(SOLVED) Redundant Cache Pool is having issues, can't start dockers or VMs

MrFrizzy · February 20, 2022

I deleted a folder from one of my unassigned drives and wanted to see if I could recover it. I shut down the machine, pulled the drive out, and tried a recovery through my Windows machine (since the drive is NTFS). I was not successful so I put the drive back into the machine and powered up. Once in Unraid, I noticed that both that unassigned drive and one of my cache pool drives were not showing up. I powered back down and found that I had unplugged the two SATA cables at the controller card. Plugged those back in, booted back up, and noticed that my dockers and VMs would not start up. Dockers kept complaining about something refusing the request and the VMs couldn't talk with libvrt. Turns out, my cache pool that was in RAID 1 was showing a capacity of 1TB (500GB + 500GB) with over 400GB free which is very wrong, it was acting more like RAID 0. When using the terminal to try and access my cache pool, I would just get a message about "wrong fs type, bad option, bad superblock on /dev/sdl1, missing codepage or helper program, or other error.".

I tried a scrub which didn't fix the issue. I tried turning off the array and then bringing it back online with no change. I removed one of the cache drives from the pool and started the array with no change. I tried adding the drive back into the cache pool and it did say it would overwrite the data, but I proceeded anyway which made things worse I think. The system keeps throwing messages about both of the cache pool drives being missing though they are there (probably because they are inaccessible/unmountable). Since I couldn't get anything working even after following this page: https://forums.unraid.net/topic/46802-faq-for-unraid-v6/page/2/?tab=comments#comment-543490, I pulled the drives out of the unraid machine and attached them to my Debian virtual machine hosted on my Windows desktop. I have not been able to get anywhere on there either.
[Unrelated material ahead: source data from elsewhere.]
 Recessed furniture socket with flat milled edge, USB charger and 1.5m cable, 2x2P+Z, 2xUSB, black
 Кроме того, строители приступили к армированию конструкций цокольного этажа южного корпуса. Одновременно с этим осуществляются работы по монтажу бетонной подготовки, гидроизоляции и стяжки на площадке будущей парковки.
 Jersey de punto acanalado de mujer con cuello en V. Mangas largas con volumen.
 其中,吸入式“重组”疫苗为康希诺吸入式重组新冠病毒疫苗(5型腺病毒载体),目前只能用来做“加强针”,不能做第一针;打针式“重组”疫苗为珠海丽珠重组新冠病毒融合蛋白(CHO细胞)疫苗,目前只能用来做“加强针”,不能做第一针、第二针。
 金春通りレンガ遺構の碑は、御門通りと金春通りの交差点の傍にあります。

Using UFS Explorer pro on Debian, the software recognizes that both drives do not have a file system. One drive does show to have a "Btrfs component partition" while the other shows nothing partition wise. Running a scan on both drives shows the correct data and folder structure for both drives (they are identical). Since I do not have a license for this software, I can't recover/copy any of the data off to another drive. If I could do that, I would just wipe the drives afterwards, create a new cache pool, and move the data back over.

Can anyone help direct me on what to try next? Is there a way to rebuild/restore the file system so the drives are accessible again? Do I need to somehow rebuild the RAID 1 with these drives and then try the previously linked post again? I don't have the drives in the Unraid machine, but can put them back if that makes things easier (I am much more familiar with Debian than I am with Unraid and it's interface).

Thanks!

Edited February 25, 2022 by MrFrizzy

JorgeB · February 21, 2022

8 hours ago, MrFrizzy said:

I tried adding the drive back into the cache pool and it did say it would overwrite the data, but I proceeded anyway which made things worse I think.
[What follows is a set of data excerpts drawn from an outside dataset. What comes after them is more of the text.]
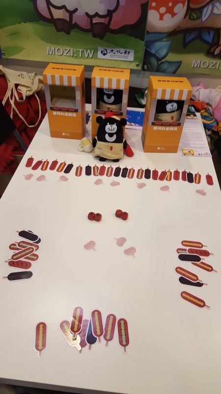 En face du stand coréen on trouve le petit stand de Mozi Games pour essayer Beeru and Sausages, un jeu à partir de 5 ans qui nous intéreassait Cyril et moi.
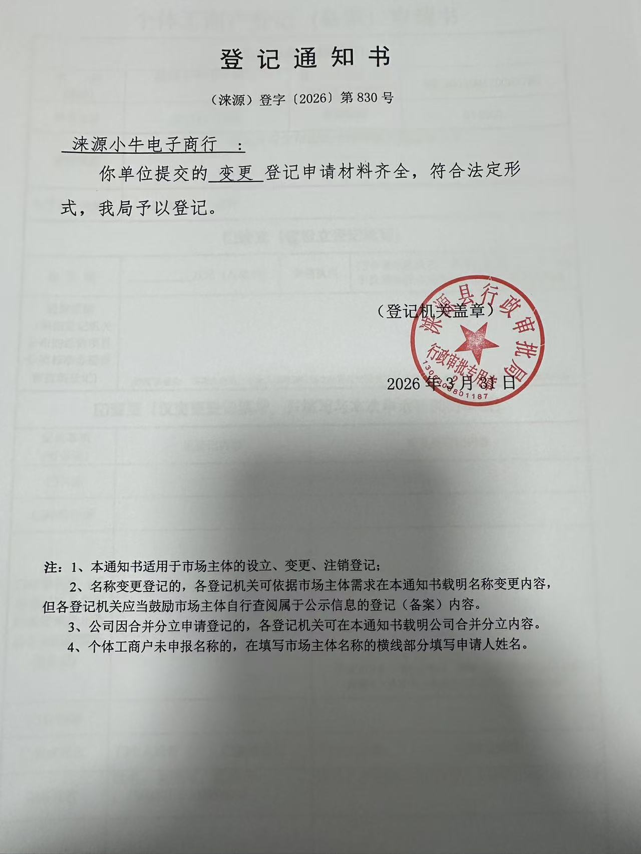 关于涞源小牛电子商行变更的公示
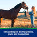 Fly spray Contains 0.1% Pyrethrins, 1% Citronella, 1% Piperonyl Butoxide to repel and kill stable, horse, face, deer, house, and horn flies, mosquitoes and gnats on horses.
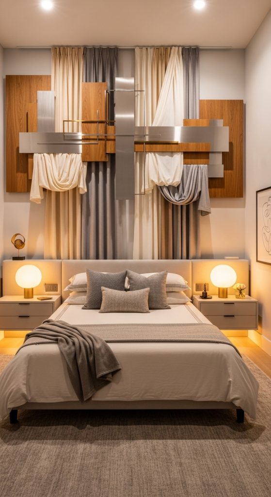 Mixed media installations offer endless creative possibilities and allow you to express your unique style. Whether it’s an abstract composition, a geometric sculpture, or a layered wall piece, this option turns the wall above your bed into a true work of art.
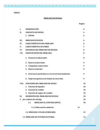 Este documento proporciona información sobre el mercado de divisas (FOREX). Explica que el FOREX es el mercado financiero más grande del mundo donde se intercambian divisas las 24 horas. Los participantes incluyen bancos comerciales, compañías, bancos centrales e inversores individuales. También describe los diferentes segmentos del mercado como los mercados al contado, a plazo, de futuros y de opciones.
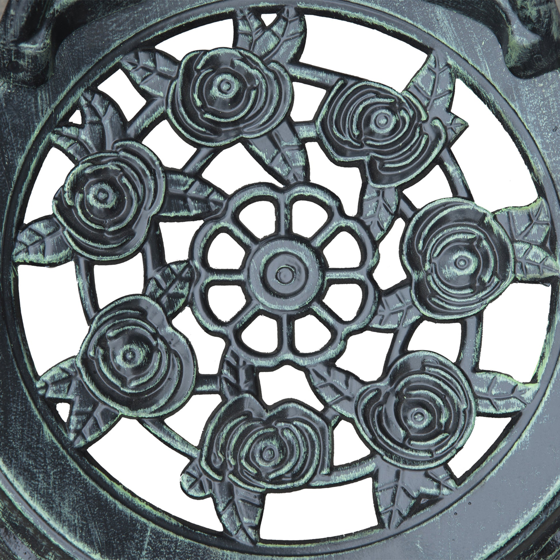 The bistro sets for 2 for garden will be a great addition to any patio area with its elegantly antique design. It is made from sturdy rust free cast iron and cast aluminum and molded into an antique green look. The legs of the table and two chairs are made of sturdy iron, which provides a stable place to rest. Whether in your backyard, patio, deck or even your restaurant outdoor dining space, you'll enjoy these garden bistro sets for years to come.
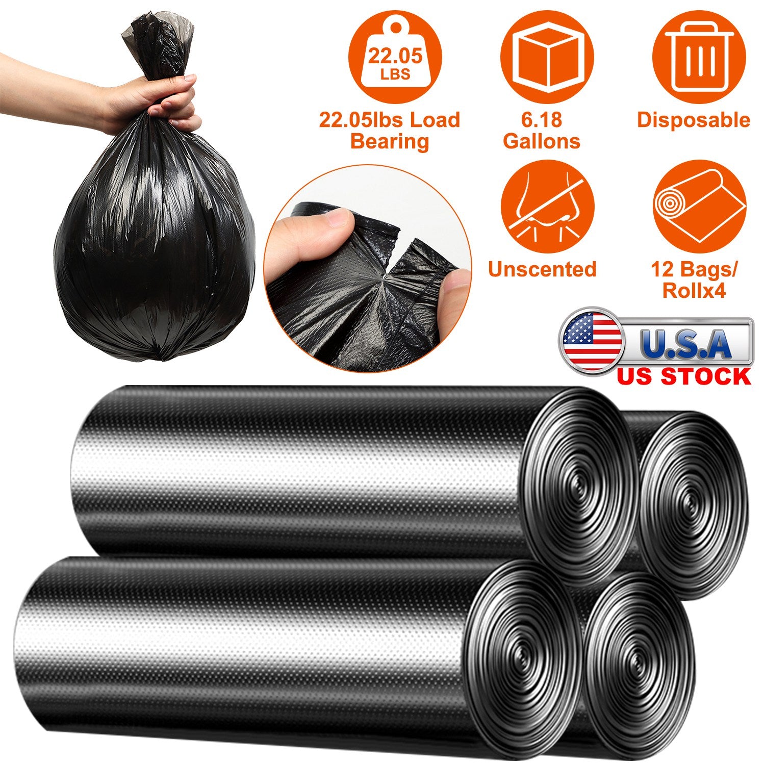 4 Rolls Black Garbage Bags 6.18 Gallons Unscented Disposable Trash Bags Portable Leak Resistant Trash Can Liners for Bathroom Office Kitchen Bedroom C

This deletes the filesystem superblock on the device(s), you might be able to recover with:

btrfs-select-super -s 1 /dev/sdX1

replace X with correct device, don't forget the 1 in the end, do this for both devices and if the command is successful add them to a new pool and post diags after arrays start.

MrFrizzy · February 21, 2022

22 minutes ago, JorgeB said:
This deletes the filesystem superblock on the device(s), you might be able to recover with:
btrfs-select-super -s 1 /dev/sdX1
replace X with correct device, don't forget the 1 in the end, do this for both devices and if the command is successful add them to a new pool and post diags after arrays start.

I will certainly try that once the restore of the data to a backup drive has completed. What is interesting is that the drive I deleted the file system on is the one that I can get a restore going on without any trouble. The drive that has a "btrfs component partition" (according to UFS Explorer) refuses to do anything I have tried so far.

MrFrizzy · February 21, 2022

5 hours ago, MrFrizzy said:

I will certainly try that once the restore of the data to a backup drive has completed. What is interesting is that the drive I deleted the file system on is the one that I can get a restore going on without any trouble. The drive that has a "btrfs component partition" (according to UFS Explorer) refuses to do anything I have tried so far.

The restore was successful. I ran the command on the same drive (the deleted one) with success. I then noticed that my Debian 11 VM recognized both drives, let me mount them, and everything seems to be intact. I didn't run the command on the drive with the "btrfs component partition". I moved them back into the Unraid machine, booted, up and found that the array and cache were both up along with the dockers and VMs. However, my second pool was missing the first drive so I shut the machine back down, checked the connections, booted back up, and now the second pool is doing the same thing the first one is. It shows RAID 1, but the total capacity and free capacity values are definitely wrong.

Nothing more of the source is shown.